Each entry is to be retyped without alteration, and no picture is to be included.

══ Exercise materials ══

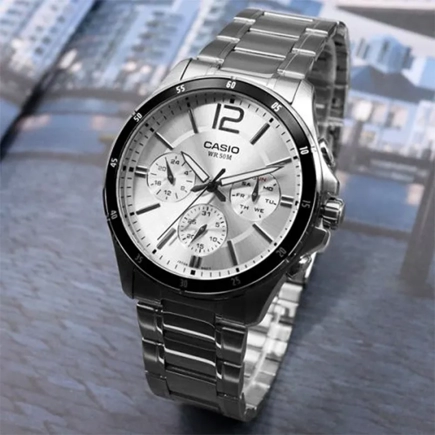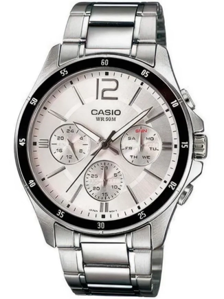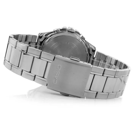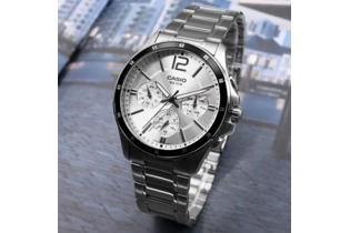 Часы Casio (Касио) классический характер, круглый корпус. Эти часы созданы для мужчин, которые ценят комфорт и практичность. 12-ти и 24-х часовой формат времени, число и день недели вынесены на отдельные циферблаты. Метки в виде штрихов и арабской цифры 12. Заводная головка с защитой. На стрелки нанесен накапливающий свет флуоресцирующий материал, за счет которого обеспечивается свечение стрелок в темноте. Стекло минеральное, устойчивое к повреждениям и царапинам. Корпус и браслет из нерж.стали. Браслет с тройной раскладывающейся застежкой, расстегиваемой одним касанием. Водозащита 50WR.
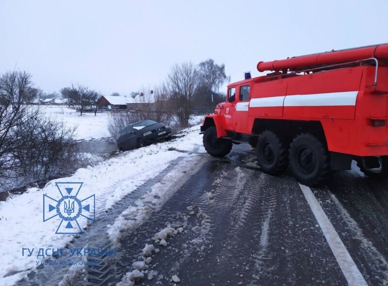 На місці події працювали рятувальники 17 ДПРЧ смт Турійськ. За допомогою троса вони відбуксирували автомобіль з кювету на стійке дорожнє покриття.
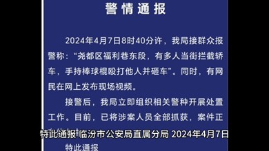 这是有人从高处拍摄的斗殴画面,大家看,这一群人足足有七八个人,拿着棍子砸并且拉拽,警方出了通报,正在紧张调查,会第一时间回复大家:
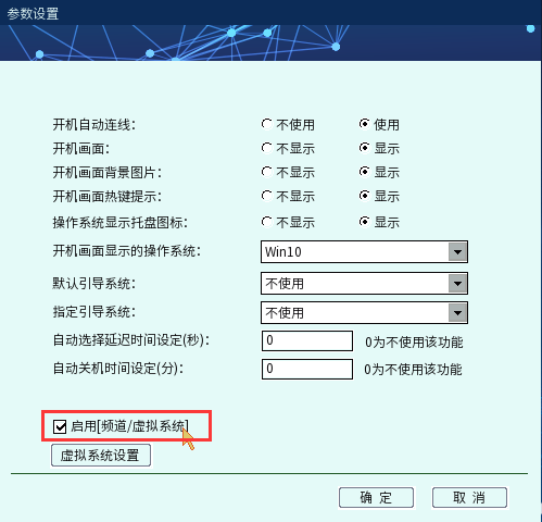 在使用虚拟系统管理之前,请先确认所使用的系统已经安装好底层及上层驱动程序,并在底层客户端F10参数设置中已经将“启用【频道/虚拟系统】”功能选项打勾,如下图:
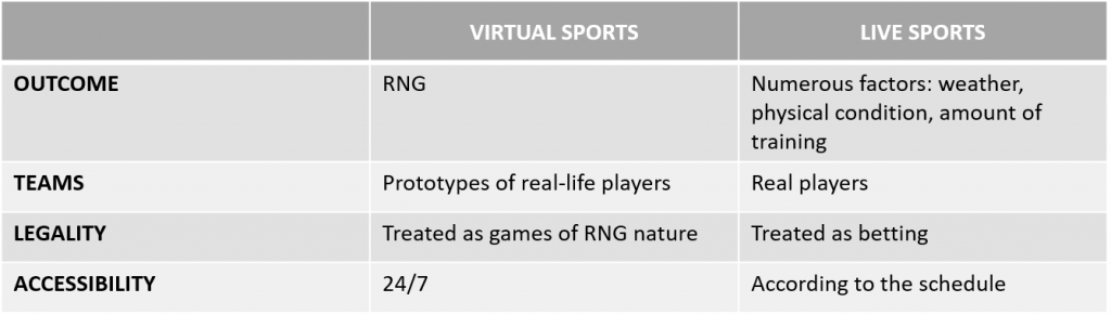 The main difference between virtual sports and live events is speed and frequency. Live betting is associated with long waiting times between matches or races. Virtual sports, on the other hand, are available around the clock, with no holidays, offseasons, or other interruptions. The process is much quicker too, so the bettors can place more wagers on virtual sports than they would when betting.
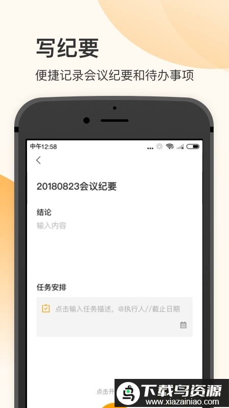 快速记纪要:支持以文字、图片、表格、附件等多种形式记录会议内容;
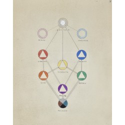 50 pages sur parchemin, dont une planche représentant un arbre séphirotique en couleurs par F.R.W., 10 planches colorées à la gouache (tableaux de Loring). Nom du disciple, le Dr André Marréaud, calligraphié à l’entrée du volume.
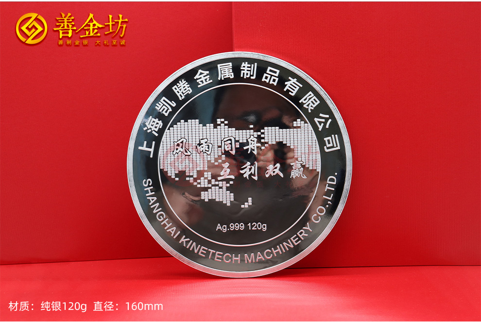 在品质把控上,善金坊始终坚守匠心标准,让每一件定制作品都经得起时间的检验。这款纪念章采用大尺寸设计,直径达160mm,视觉冲击力十足。材质上选用纯度高达99.9%的纯银,严格把控含银量,确保每一枚纪念章的纯银重量精准达到120克,背面清晰标注的“Ag.999 120g”字样,既是品质的承诺,也是价值的彰显。从原料甄选到成品打磨,善金坊遵循严苛的制作流程,经过多道精密工序加工,最终呈现出成色标准、重量合格、质感细腻的精制品质,每一处纹路都清晰流畅,每一个字样都规整有力,尽显匠心工艺。
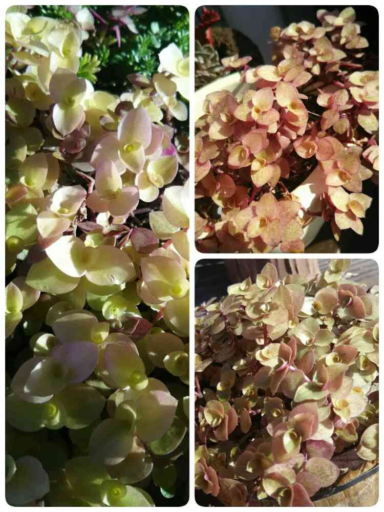 光沢のある黄緑で葉の裏だけ色づいてるのに、チョンパして鉢に挿しておいた右の2つは微妙に色が違う👀
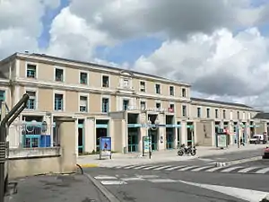 Angoulême is a railway station located in Angoulême, Charente, south-western France. The station was opened in 1852 and is located on the Paris–Bordeaux railway, Saintes-Angoulême railway and Limoges-Angoulême railway. The train services are operated by SNCF.
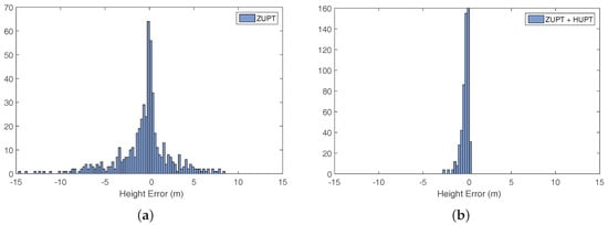 The evaluation of the error in height corresponding to 534 passes of reference points among all recorded trajectories is presented in Figure 9 using histograms. In order to see the distribution of the error, the sign has been taken into account. Figure 9a shows the distribution of the height error using only ZUPT corrections. Figure 9b shows the distribution of the error using ZUPT and the proposed HUPT correction. The histograms show that the proposed HUPT correction successfully reduces the error in height.
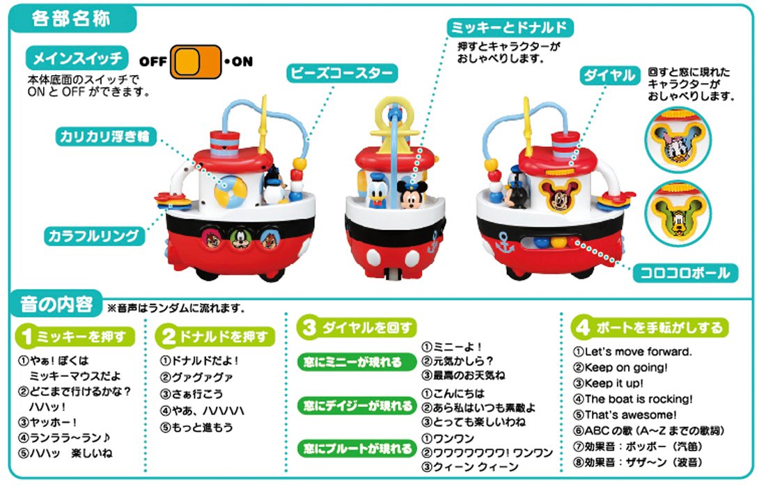 English and fun sound comes out in accordance with the movement of the moving boat! It is a baby tie that makes you want to play repeatedly!
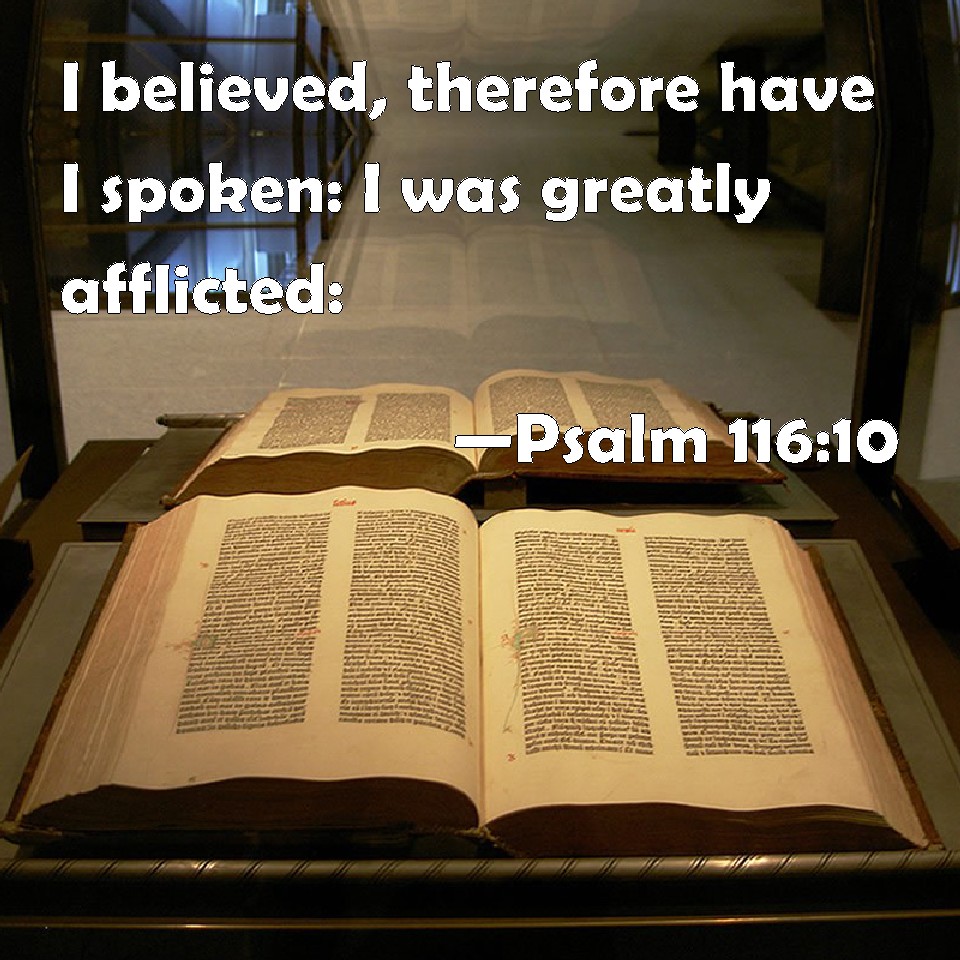 Choose a Background Psalm 116:10 I believed, therefore have I spoken: I was greatly afflicted: KJV: I believed, therefore have I spoken: I was greatly afflicted: DRB: I have believed, therefore have I spoken; but I have been humbled exceedingly. DBT: I believed, therefore have I spoken. As for me, I was greatly afflicted. ERV: I believe, for I will speak: I was greatly afflicted: WBT: I believed, therefore have I spoken: I was greatly afflicted: WEB: I believed, therefore I said, "I was greatly afflicted." YLT: I have believed, for I speak, I — I have been afflicted greatly.Links Psalm 116:10 NIV • Psalm 116:10 NLT • Psalm 116:10 ESV • Psalm 116:10 NASB • Psalm 116:10 KJV • Psalm 116:10 Interlinear • Psalm 116:10 Commentaries • Psalm 116:10 Parallel Texts • Psalm 116:10 Bible Apps • Psalm 116:10 Parallel • Bible Hub |
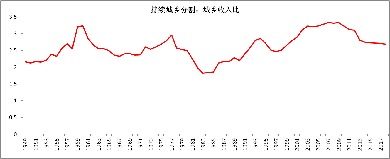 資料來源:其中1949-1956年城鄉(xiāng)居民收入數(shù)據(jù)來自于消費(fèi)數(shù)據(jù),1957-1977年數(shù)據(jù)來自于《新中國(guó)六十年年統(tǒng)計(jì)資料匯編》,1978-2018年數(shù)據(jù)來自于《中國(guó)統(tǒng)計(jì)鑒》。
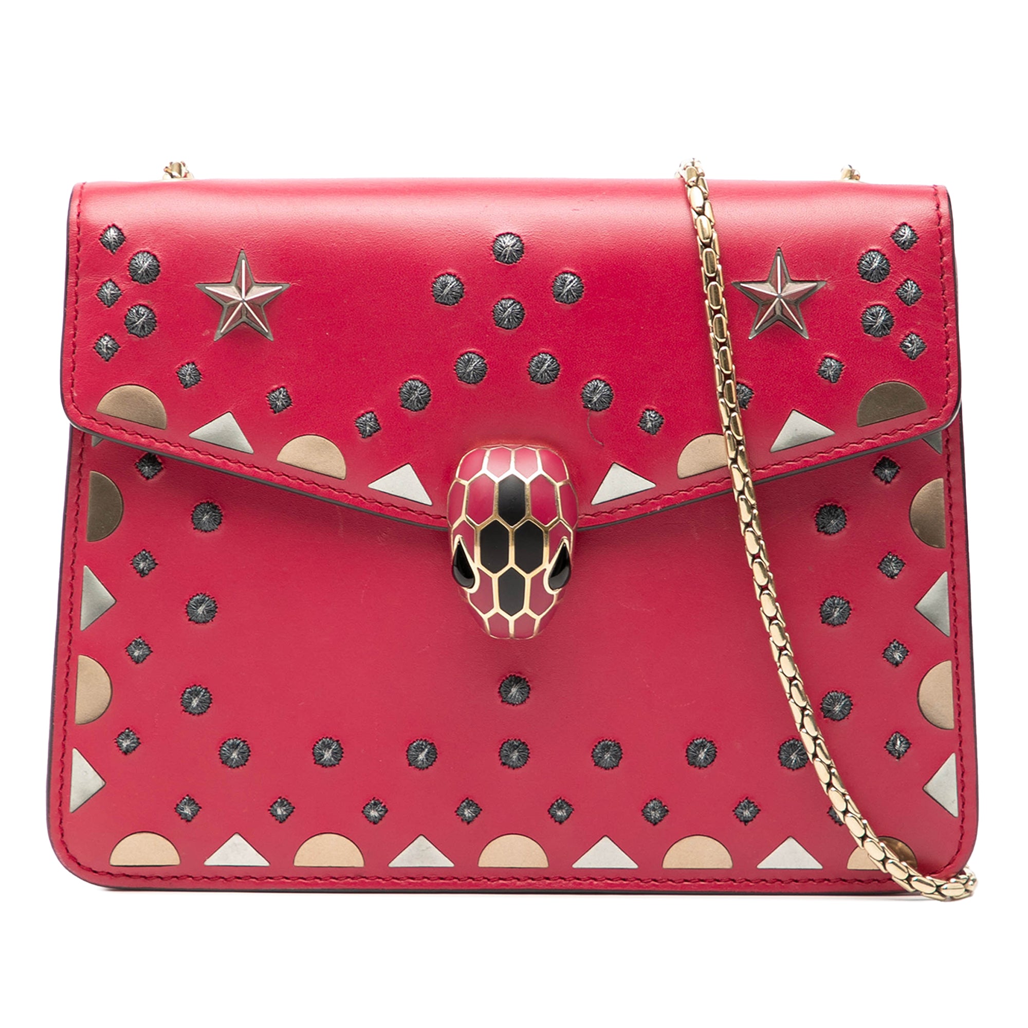 Bvlgari Small Studded Leather Laser Cut Square Serpenti Forever Chain Crossbody
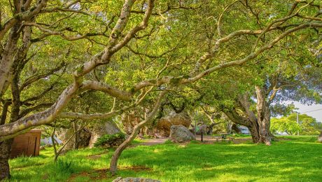 Great Stoneface Park is a quiet neighborhood park in Northbrae with street parking, walking trails, and an open grassy area. A shaded picnic table and benches offer peaceful spots to sit and take in the surroundings.
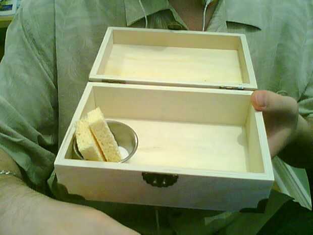 6. Coloque el recipiente de acero con su contenido en la caja de madera
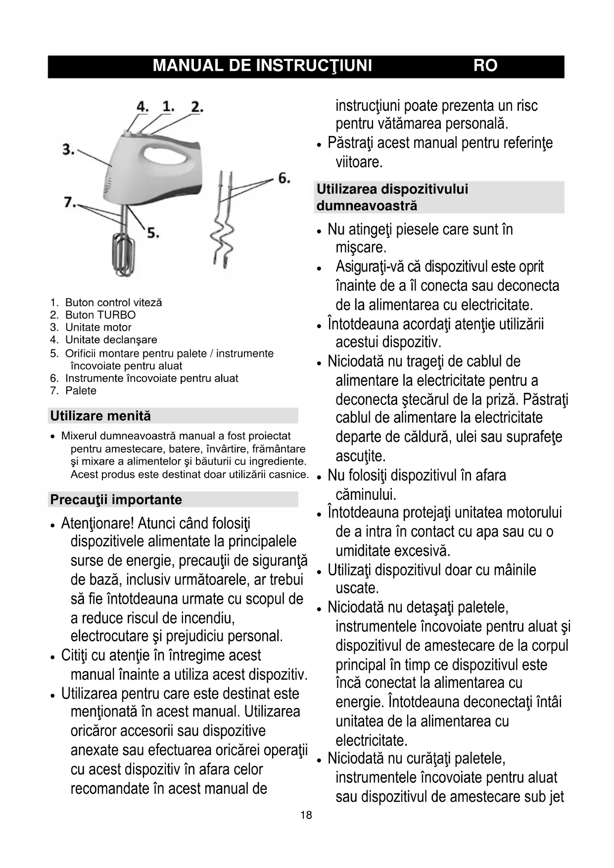 - Mixerul dumneavoastră manual a fost proiectat pentru amestecare, batere, invartire, framantareși mixare a alimentelorși bauturii cu ingrediente. Acest produs este destinat doar utilizarii casnice.

═══

:: Answer for this exercise ::
 Часы Casio (Касио) классический характер, круглый корпус. Эти часы созданы для мужчин, которые ценят комфорт и практичность. 12-ти и 24-х часовой формат времени, число и день недели вынесены на отдельные циферблаты. Метки в виде штрихов и арабской цифры 12. Заводная головка с защитой. На стрелки нанесен накапливающий свет флуоресцирующий материал, за счет которого обеспечивается свечение стрелок в темноте. Стекло минеральное, устойчивое к повреждениям и царапинам. Корпус и браслет из нерж.стали. Браслет с тройной раскладывающейся застежкой, расстегиваемой одним касанием. Водозащита 50WR.
 На місці події працювали рятувальники 17 ДПРЧ смт Турійськ. За допомогою троса вони відбуксирували автомобіль з кювету на стійке дорожнє покриття.
 这是有人从高处拍摄的斗殴画面,大家看,这一群人足足有七八个人,拿着棍子砸并且拉拽,警方出了通报,正在紧张调查,会第一时间回复大家:
 在使用虚拟系统管理之前,请先确认所使用的系统已经安装好底层及上层驱动程序,并在底层客户端F10参数设置中已经将“启用【频道/虚拟系统】”功能选项打勾,如下图:
 The main difference between virtual sports and live events is speed and frequency. Live betting is associated with long waiting times between matches or races. Virtual sports, on the other hand, are available around the clock, with no holidays, offseasons, or other interruptions. The process is much quicker too, so the bettors can place more wagers on virtual sports than they would when betting.
 快速记纪要:支持以文字、图片、表格、附件等多种形式记录会议内容;
 50 pages sur parchemin, dont une planche représentant un arbre séphirotique en couleurs par F.R.W., 10 planches colorées à la gouache (tableaux de Loring). Nom du disciple, le Dr André Marréaud, calligraphié à l’entrée du volume.
 在品质把控上,善金坊始终坚守匠心标准,让每一件定制作品都经得起时间的检验。这款纪念章采用大尺寸设计,直径达160mm,视觉冲击力十足。材质上选用纯度高达99.9%的纯银,严格把控含银量,确保每一枚纪念章的纯银重量精准达到120克,背面清晰标注的“Ag.999 120g”字样,既是品质的承诺,也是价值的彰显。从原料甄选到成品打磨,善金坊遵循严苛的制作流程,经过多道精密工序加工,最终呈现出成色标准、重量合格、质感细腻的精制品质,每一处纹路都清晰流畅,每一个字样都规整有力,尽显匠心工艺。
 光沢のある黄緑で葉の裏だけ色づいてるのに、チョンパして鉢に挿しておいた右の2つは微妙に色が違う👀
 Angoulême is a railway station located in Angoulême, Charente, south-western France. The station was opened in 1852 and is located on the Paris–Bordeaux railway, Saintes-Angoulême railway and Limoges-Angoulême railway. The train services are operated by SNCF.
 The evaluation of the error in height corresponding to 534 passes of reference points among all recorded trajectories is presented in Figure 9 using histograms. In order to see the distribution of the error, the sign has been taken into account. Figure 9a shows the distribution of the height error using only ZUPT corrections. Figure 9b shows the distribution of the error using ZUPT and the proposed HUPT correction. The histograms show that the proposed HUPT correction successfully reduces the error in height.
 English and fun sound comes out in accordance with the movement of the moving boat! It is a baby tie that makes you want to play repeatedly!
 Choose a Background Psalm 116:10 I believed, therefore have I spoken: I was greatly afflicted: KJV: I believed, therefore have I spoken: I was greatly afflicted: DRB: I have believed, therefore have I spoken; but I have been humbled exceedingly. DBT: I believed, therefore have I spoken. As for me, I was greatly afflicted. ERV: I believe, for I will speak: I was greatly afflicted: WBT: I believed, therefore have I spoken: I was greatly afflicted: WEB: I believed, therefore I said, "I was greatly afflicted." YLT: I have believed, for I speak, I — I have been afflicted greatly.Links Psalm 116:10 NIV • Psalm 116:10 NLT • Psalm 116:10 ESV • Psalm 116:10 NASB • Psalm 116:10 KJV • Psalm 116:10 Interlinear • Psalm 116:10 Commentaries • Psalm 116:10 Parallel Texts • Psalm 116:10 Bible Apps • Psalm 116:10 Parallel • Bible Hub |
 資料來源:其中1949-1956年城鄉(xiāng)居民收入數(shù)據(jù)來自于消費(fèi)數(shù)據(jù),1957-1977年數(shù)據(jù)來自于《新中國(guó)六十年年統(tǒng)計(jì)資料匯編》,1978-2018年數(shù)據(jù)來自于《中國(guó)統(tǒng)計(jì)鑒》。
 Bvlgari Small Studded Leather Laser Cut Square Serpenti Forever Chain Crossbody
 Great Stoneface Park is a quiet neighborhood park in Northbrae with street parking, walking trails, and an open grassy area. A shaded picnic table and benches offer peaceful spots to sit and take in the surroundings.
 6. Coloque el recipiente de acero con su contenido en la caja de madera
 - Mixerul dumneavoastră manual a fost proiectat pentru amestecare, batere, invartire, framantareși mixare a alimentelorși bauturii cu ingrediente. Acest produs este destinat doar utilizarii casnice.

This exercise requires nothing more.